Yes it is an ambitious project, yes it is useful in theory, but I’m interested in its viability as a legitimate tool for the sort of people who would rely on it for research purposes as opposed to the sort of people who find it a fascinating project but in practice it is little more than something to pique their curiosity—a toy.

At the same time maybe it doesn’t have to be either. It could just be a display of the initiative and ingenuity of the person behind it. But little else can be inferred about them I reckon.

celeryd - 16 hours ago

Any way to download them all at once?

kshri24 - 13 hours ago

There is a bug in the time series charts. Data needs to be normalized prior to charting. For example: https://cia-factbook-archive.fly.dev/archive/field/IN/Broadb...

eddythompson80 - 11 hours ago

Cool project. The world population seems to be double counted. I think https://cia-factbook-archive.fly.dev/analysis/trends

nubg - 15 hours ago

Site loads very slowly for me. Tried various devices and networks. Same for a friend of mine overseas.

ronald_petty - 16 hours ago

I like the timeline feature. Maybe I need to spend more time, but to see political changes / borders / etc. would all be great! Keep up the good work.

Barbing - 7 hours ago

Wonderful project. Thank you for the preservation!

cwnyth - 14 hours ago

Kudos! I was working on doing this as well, so it's nice to see it already done.

daveelkan - 14 hours ago

found a bug: Australia links to American Samoa in 2025 archive.

FergusArgyll - 16 hours ago

Nice!

One thing; you're supposed to write "Cannot confirm or deny my affiliation with the CIA"

- 12 hours ago
[deleted]
RobRivera - 16 hours ago

Hurray!

I didnt discover this until I saw the recent post about its deactivation.

shevy-java - 16 hours ago

Hmm. It's kind of weird, because I think I actually used it in the 1990s, probably shortly before Wikipedia emerged.

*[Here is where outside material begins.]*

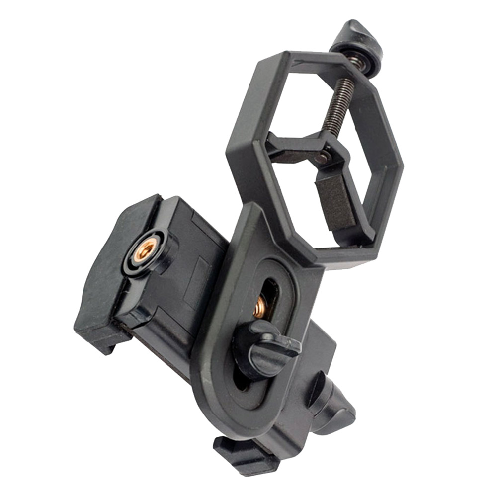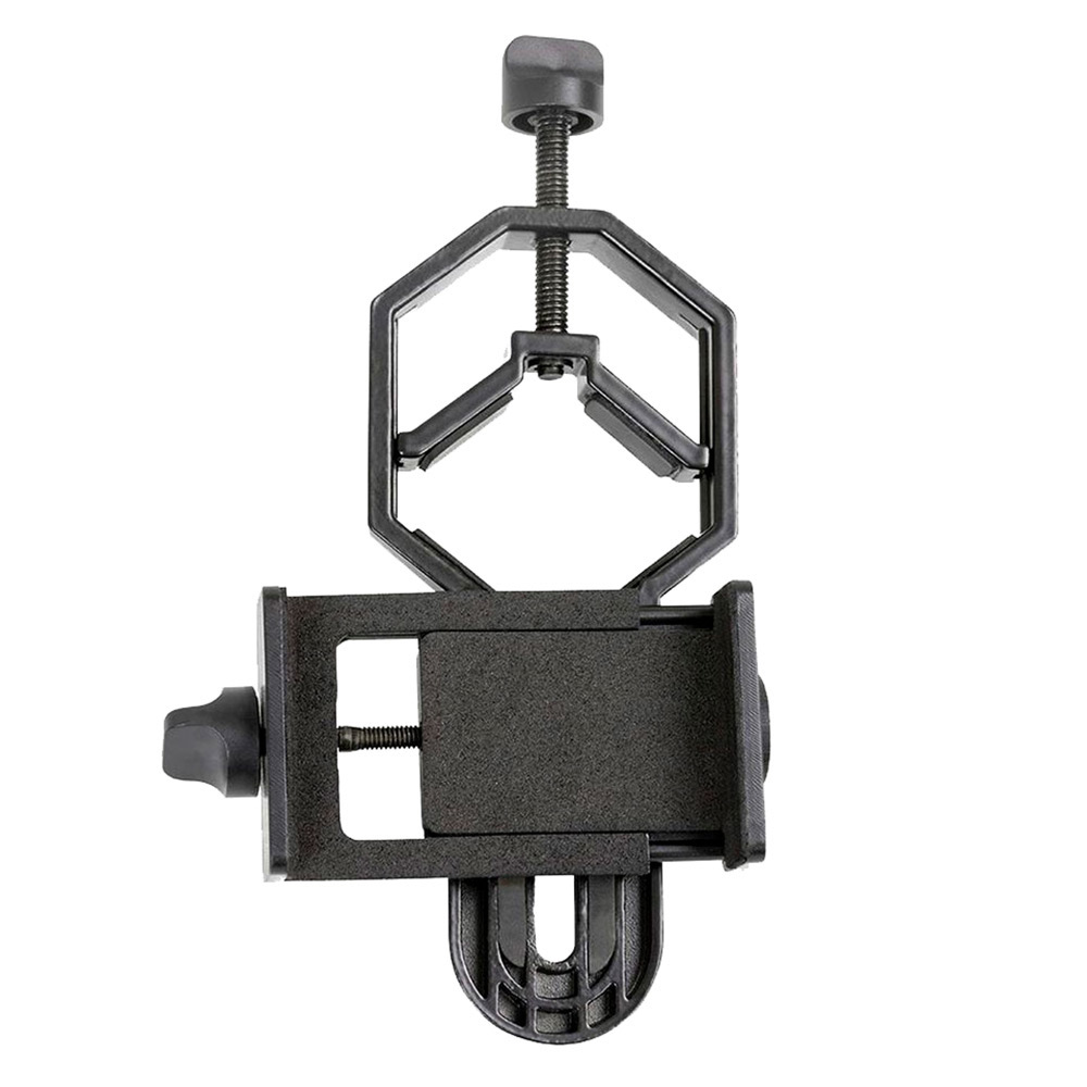 Смартфон-адаптер закріплюється на окулярі оптичного приладу за допомогою хомута. Внутрішній діаметр затискного хомута регулюється в інтервалі 26-48 мм. Переконайтеся, що діаметр окуляра оптичного приладу знаходиться в цих межах. До речі, затиск хомута утримується не пружиною, як у простіших моделях, а надійним металевим гвинтом.

Ever since Wikipedia, I don't think I used the CIA world Factbook much at all, so in a way I guess this partly explains why the website is now defunct. But I am a tiny bit sad that it is gone, if only for a piece of nostalgia from the 1990s era. I think we need to be careful - yes, wikipedia has that information, but we kind of lose websites here. That is a potential danger, because we end up with more and more of a monopoly which is rarely good (ok, wikipedia may be an exception but it also has intrinsic quality issues; it is still excellent in many ways but not perfect, and we may get tunnel vision the more websites vanish - just look at the AI slop autogenerated "content" or "affiliate" links you see in a google search, if anyone is still using that).

freakynit - 10 hours ago

Excellent site.

One small bug though: https://cia-factbook-archive.fly.dev/analysis/compare?a=IN&b...

.. The second dropdown switches to "Comoros" instead of "China" even after selection, though URL says CN for China.

WhereIsTheTruth - 6 hours ago

Treating this as a neutral ground truth is a recipe for data poisoning

ohyoutravel - 15 hours ago

This is pretty basic but kinda neat. A good way to browse the fact books like a website. Definitely could use more features but imo superior than flipping through a PDF.

nephihaha - 16 hours ago

What is its copyright status?

dbg31415 - 8 hours ago

This is one of the hardest sites I’ve ever tried to read.

The pages are dense blocks of tiny gray serif text with default line height and almost no visual hierarchy. It feels like gray text on gray blobs. It is exhausting to scan and read.

In 2026, this should not be an issue. We have clear standards. The Web Content Accessibility Guidelines (WCAG) exist for a reason. Basic accessibility best practices have been documented for years.

https://wave.webaim.org/report#/https://cia-factbook-archive...

The issues are not subtle. Small text, low contrast, and long unbroken paragraphs are not design preferences. They are barriers. They make the content harder to read for everyone, especially people with visual or cognitive challenges.

This is fixable. Increase the base font size. Improve contrast ratios. Add meaningful spacing. Use clear headings and structure. These are foundational usability principles.

Accessibility is not extra polish. It is baseline quality. Right now, the site is unnecessarily hard to read. That is a design problem, not a content problem.